# Ozon was braucht man?



## mario d (28. Juni 2010)

Hallo,
was brauche ich, um in meinem 15.000l. Koi Teich ozon anwenden zu können?
Was will ich erreichen?
Keimdruck senken,
wasser entfärben
leichter blau stich des wassers
evtl. fadenanlgen vernichten, aber das ist ja nur ein nebeneffekt, und bei manchen funktioniert, bei manchen nicht.

Was brauche ich dafür?
Es gibt ja diese Kombigeräte mit uvc und ozon, aber das soll ja nichts bringen.
Wasbrauche ich für richtiges ozon?

Ozonisator, inline mischer, was noch?


----------



## fbschroeder (29. Juni 2010)

*AW: Ozon was braucht man?*



mario d schrieb:


> Hallo,
> was brauche ich, um in meinem 15.000l. Koi Teich ozon anwenden zu können?
> Was will ich erreichen?
> Keimdruck senken,
> ...



Hallo,
für die sichere Anwendung von Ozon benötigst Du vor allem das entsprechende know-how.
Gerade wenn Du mittels Ozon den Keimdruck beeinflussen möchtest, dann kommen Ozongeneratoren zur Anwendung, die auch entsprechend hohe Mengen an Ozon produzieren. Bei falscher Anwendung kann das dann aber schon ziemlich in die Hose gehen.
Also: lesen, lesen, lesen.
Gruß
Schroedi


----------



## drwr (29. Juni 2010)

*AW: Ozon was braucht man?*

Hallo,

rein technisch brauchst Du :

Ozongenerator  ggfs. mit Luftbläser, sofern nicht eingebaut, ggfs. Lufttrockner
Ozonreaktor
Ozonfänger ( Gehäuse z.B. mit Aktivkohle )
diverse ozonfeste Kleinteile wie Schlauch, Rückschlagventil, Schlauchverbinder usw.
sinnvoll Steuerung per Redox

Gruß Wolfgang


----------



## mario d (29. Juni 2010)

*AW: Ozon was braucht man?*

Kann man nicht einen Ozonerzeuger kaufen,(das ist das selbe wie ein Ozonisator oder?), der das Ozon in einen inline mischer bläst, und von da aus weiter in den Filter? (Compactsieve, bürsten, japan matten, 100l. __ hel-x)

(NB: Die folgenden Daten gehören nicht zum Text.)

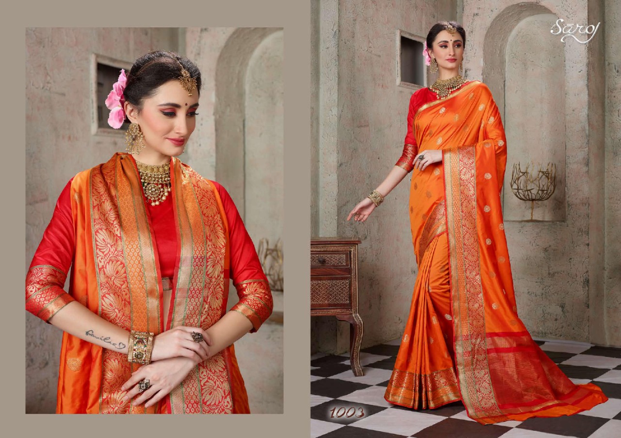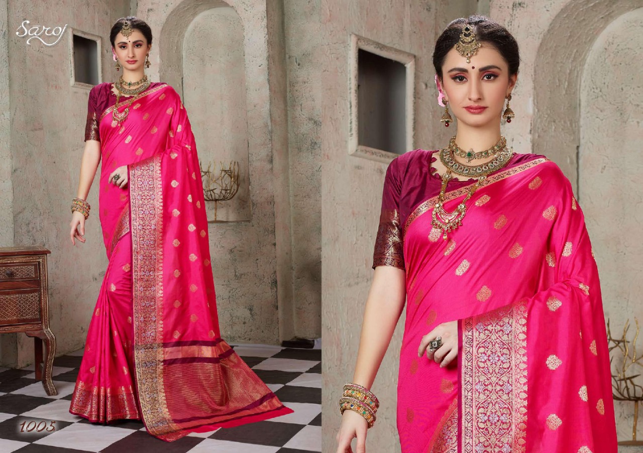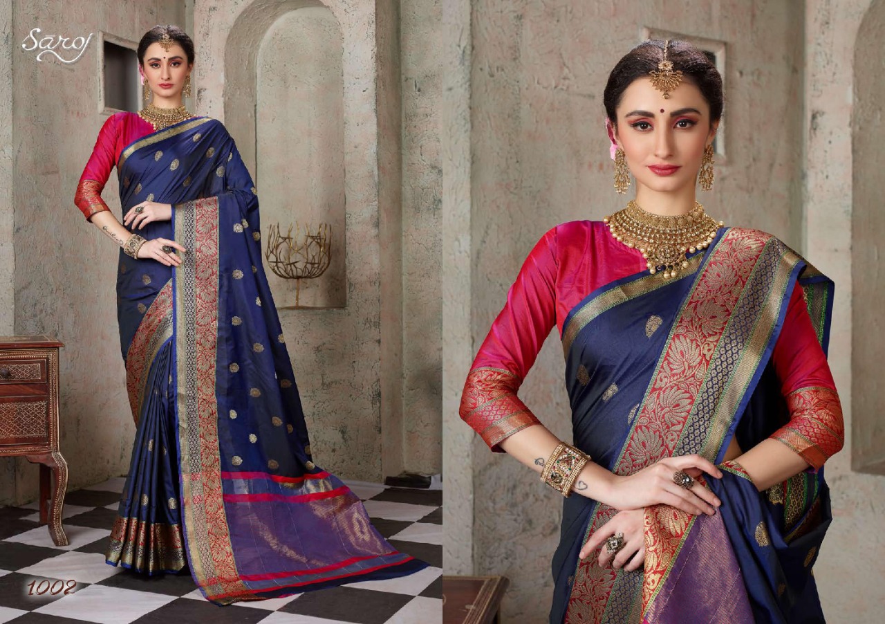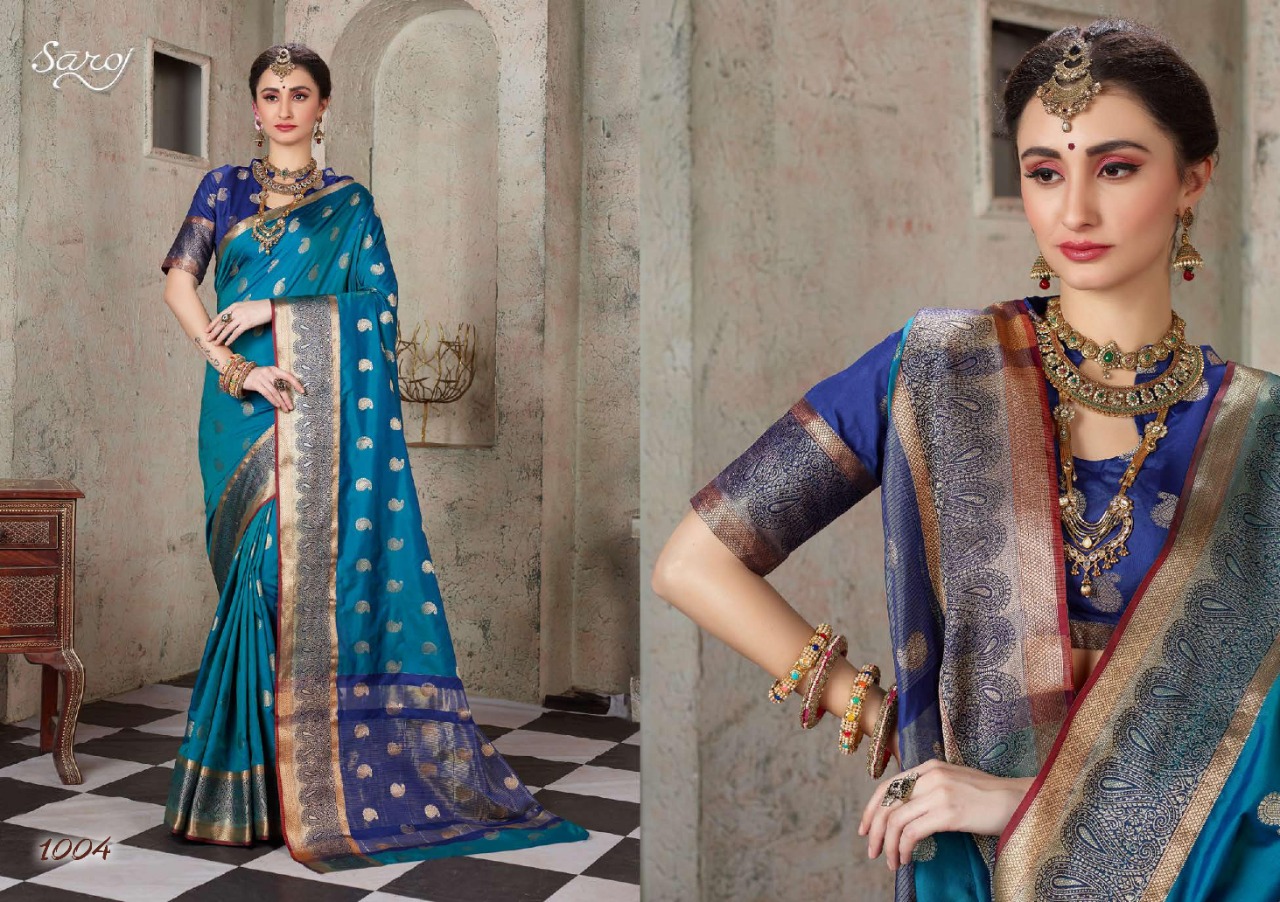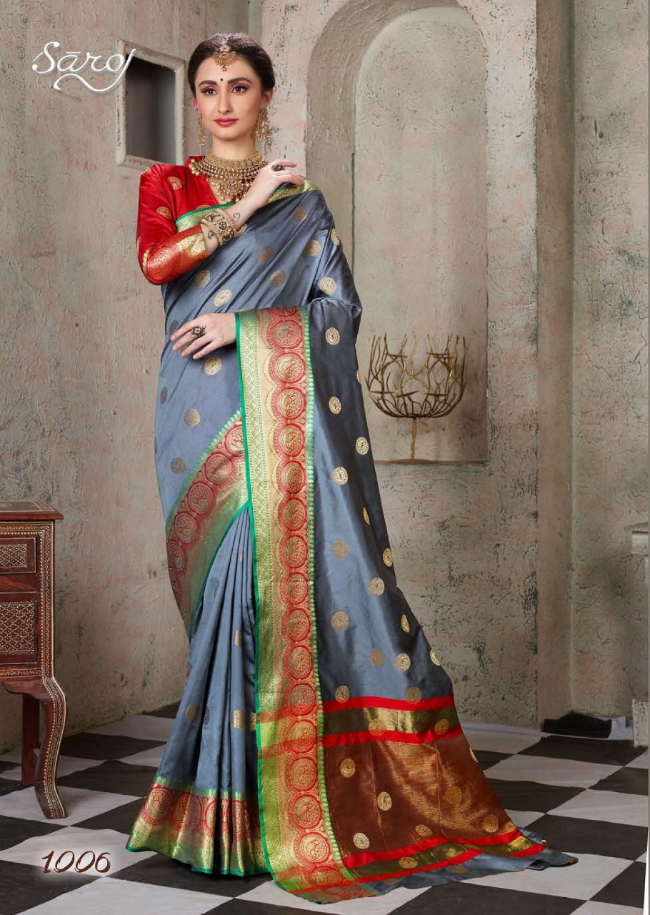 | Other Details: | SAROJ Rumani (Rs.765) Fabric: weaving silk with viscoss border. Blouse: Silk cotton. 6 Designs |

Am Ozonisator kann ich ja erstmal nur eine sehr geringe menge einstellen, entkeimen habe ich erstmal nicht vor, hauptsache entfärben.


----------



## reinr (29. Juni 2010)

*AW: Ozon was braucht man?*

Hallo,

also vor den Filter würd ich den eher nicht setzen, sonst machst du dir noch die Bakterien kaputt. Eher dahinter, oder in einen seperaten Pumpenkreis. Wichtig ist auf jeden Fall, das alles Ozon entweder reagiert, oder sich verflüchtigt hat, bevor es in den Teich gelangt. Ozon im Fischteich ist ziemlich schädlich für dessen Bewohner. Und um die Ozonfreiheit zu gewährleisten solltest du eben einen wie oben genannten Ozonfänger, oder wenigstens nen langen Bachlauf hinter der Anlage haben.

Gruß Reiner


----------



## drwr (30. Juni 2010)

*AW: Ozon was braucht man?*

Hallo,

ja ein Ozonisator.

Vor dem Filter keinesfalls. Ozon kann bis zu 20 Minuten brauchen bis es zu Wasser und Sauerstoff zerfällt und Du willst doch sicher nicht Deinen Filter sterilisieren.
Ich halte Ozon nur für gerchtfertigt, wenn Sorge getragen wird, daß nichts in den Teich gelangt, da Ozon sehr reaktiv ist und nicht nur beim Menschen Vergiftungen verursacht.
Ozon muß - wenn man verantwortungsvoll handelt - immer mir Aktivkohle neutralisiert werden.

Gruß Wolfgang


----------